[ 湖の住人0102030405060708雑感 ]

湖の住人(要約之七)

 私は仕事が忙しくて、11月12日になるまで彼に返信を書く事が出来なかった。そしてその日の朝10時頃、カートライトの考えは全て迷信であり、発見したという書物の類もその証拠でしかないという事を指摘するための手紙を私が書き始めた時、家の電話のベルが鳴った。

「アランか? おぉ神よ、感謝します!」受話器の向こうからヒステリカルな声が聞こえてきた。
「今やっている事を全部放り出して、とにかく君の車に乗るんだ――後生だから早くしてくれ!」

 声の主はカートライトだった。彼は私に、暗くなって逃げ出せなくなる前に、ブリチェスターとの間の道の湖から数マイルのところにある電話ボックスまで来てくれるよう懇願した。私に手紙を書いた後に彼はさらに多くの事を解明し、そしてその事を「奴ら」に知られてしまったと言うのだ。今や「奴ら」は隠れようともしなくなり、彼の車のエンジンを壊し、さらに電話ボックスから電話帳を持ち去ってタクシーも呼べなくしてしまったようだ。一時彼は、奴らもそんなに遠方までは手を出せないだろうと、ブリチェスターまで歩く事も考えたらしい。

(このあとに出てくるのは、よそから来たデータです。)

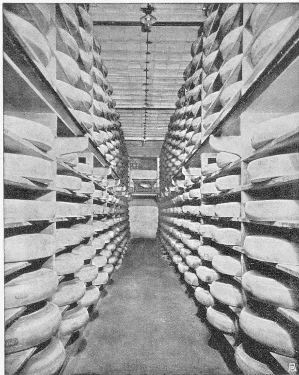
Une cave à « Emmental »

Vice-Président de la Chambre de Commerce Suisse en France.

「だが、もし奴らがテンプヒルの地下に潜む『墓所に群れなすもの』の助力をもって空間を折り曲げるような事が無くても、ここから数マイルのところにいるあの樹の化け物どもが本当の姿を取り戻しているかも知れない――そいつらに打ち勝つには、二人の意志の力を結合する必要があるんだ。あぁ、頼むから早く車をとばしてくれよ。それとも君は、グラーキを再び湖の底から起き上がらせたいのか? そうなるとあれはおそらく、さらに遠くまで夢をばらまく力を手に入れる事になるぞ。」

 その直後、電話は切れてしまった。しばらく私は電話台の側に突っ立っていたが、警察に連絡してカートライトの狂気を明らかにするのは忍びなかったので、ともかく私はブリチェスターへと急ぐ事にした。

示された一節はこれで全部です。